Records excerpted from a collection
============================================================

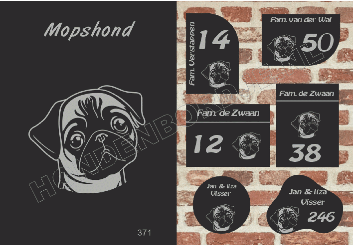 dit product is uitgesloten van het herroepingsrecht i.v.m. de persoonlijke aard.Naambord Mopshond
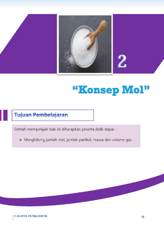 3. 4. Konsep Mol Setelah mempelajari bab ini diharapkan peserta didik dapat : Menghitung jumlah mol, jumlah partikel, massa dan volume gas. E-MODUL STOIKIOMETRI 18
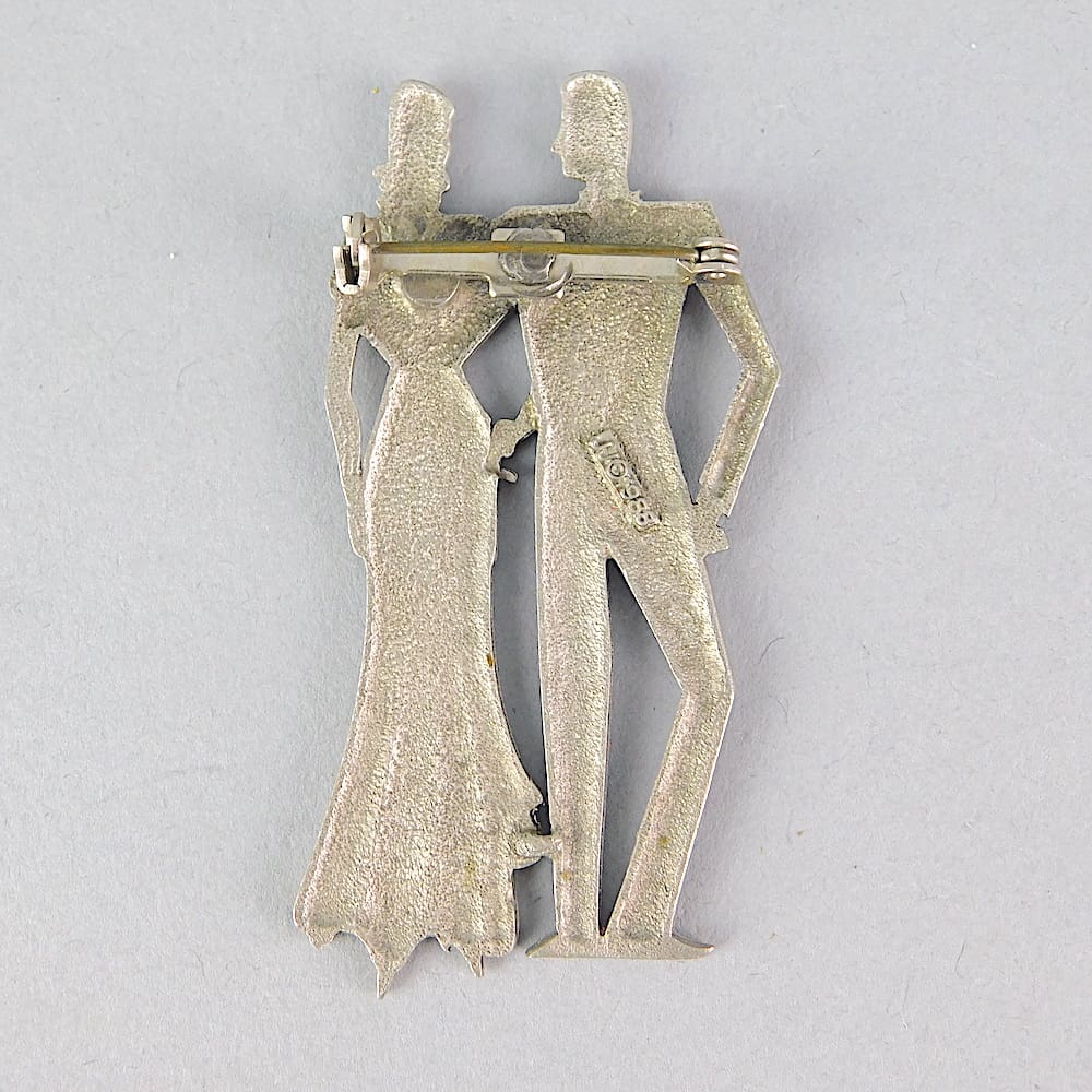 Pewter metal brooch by JJ. Vintage USA brooch, signed to the reverse. Fitted with roll safety clasp.
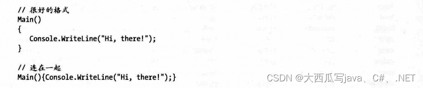 每个C#程序必须有一个带有Main方法(函数)。在先前所示的SimpleProgram程序中,他被声明在Program类中。
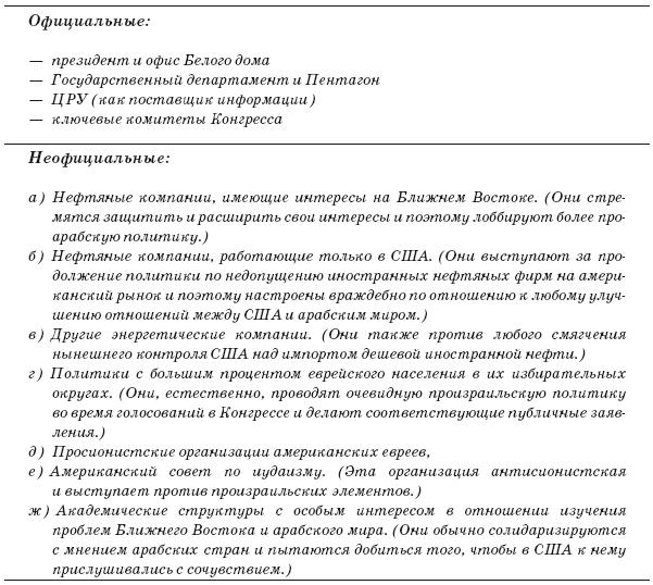Группы, которые влияют на формирование американской политики по Ближнему Востоку. Формальные и неформальные
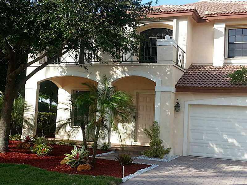 Beautiful 5 bed 5 1/2 baths plus den-office located in a huge corner lot that gives lots of privacy, pool and jacuzzi with gas heating system. One bedroom and one full bathroom plus cabana bath downstairs. Accordion shutters, granite countertop, SS appli ances, intercom system, tile downstairs and wood laminate upstairs, 3 car garage. Huge master bedroom with balcony and 2 walk-in closets, master bath with jacuzzi, and much more ! Great location close to state of the art Club House. Very easy to show.
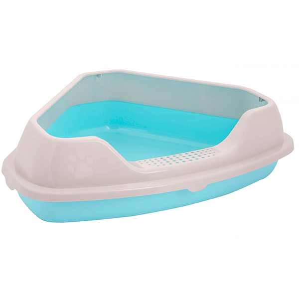 Туалет для кошек "Мур-мяу" угловой с бортом голубой
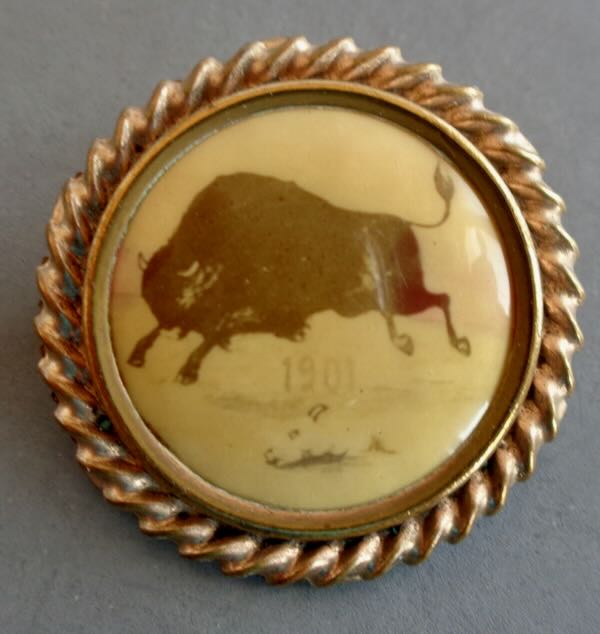 1901 Pan-American Exposition Brass surround Pin Back with a Sepia Celluloid center picturing a Buffalo running above "1901" with an animal skull at the bottom. (Lavin Similar PB27) Size: 1 1/8" diameter. Condition: Fine, the celluloid is faded.
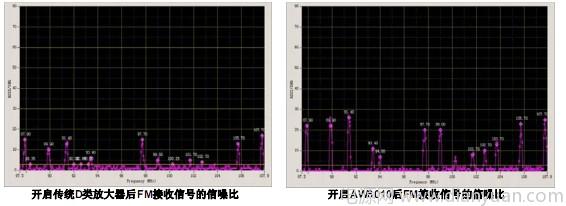 下圖是傳統D類放大器和帶EEE技術的AW8010對FM接收信號的信噪比影響。傳統D類放大器對FM的影響很嚴重,信號變差甚至丟臺,而帶EEE技術的AW8010對FM影響很小,降低了系統工程師的調試難度。
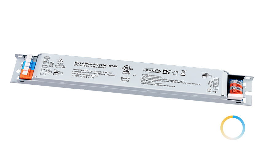 LED調(diào)光電源,最大輸出功率40W,輸入電壓120-277V,內(nèi)置DALI-2接口,DALI DT8設(shè)備

============================================================

> What you have to do
Print the entries above exactly, taking out only the pictures.

> Response below
 dit product is uitgesloten van het herroepingsrecht i.v.m. de persoonlijke aard.Naambord Mopshond
 3. 4. Konsep Mol Setelah mempelajari bab ini diharapkan peserta didik dapat : Menghitung jumlah mol, jumlah partikel, massa dan volume gas. E-MODUL STOIKIOMETRI 18
 Pewter metal brooch by JJ. Vintage USA brooch, signed to the reverse. Fitted with roll safety clasp.
 每个C#程序必须有一个带有Main方法(函数)。在先前所示的SimpleProgram程序中,他被声明在Program类中。
Группы, которые влияют на формирование американской политики по Ближнему Востоку. Формальные и неформальные
 Beautiful 5 bed 5 1/2 baths plus den-office located in a huge corner lot that gives lots of privacy, pool and jacuzzi with gas heating system. One bedroom and one full bathroom plus cabana bath downstairs. Accordion shutters, granite countertop, SS appli ances, intercom system, tile downstairs and wood laminate upstairs, 3 car garage. Huge master bedroom with balcony and 2 walk-in closets, master bath with jacuzzi, and much more ! Great location close to state of the art Club House. Very easy to show.
 Туалет для кошек "Мур-мяу" угловой с бортом голубой
 1901 Pan-American Exposition Brass surround Pin Back with a Sepia Celluloid center picturing a Buffalo running above "1901" with an animal skull at the bottom. (Lavin Similar PB27) Size: 1 1/8" diameter. Condition: Fine, the celluloid is faded.
 下圖是傳統D類放大器和帶EEE技術的AW8010對FM接收信號的信噪比影響。傳統D類放大器對FM的影響很嚴重,信號變差甚至丟臺,而帶EEE技術的AW8010對FM影響很小,降低了系統工程師的調試難度。
 LED調(diào)光電源,最大輸出功率40W,輸入電壓120-277V,內(nèi)置DALI-2接口,DALI DT8設(shè)備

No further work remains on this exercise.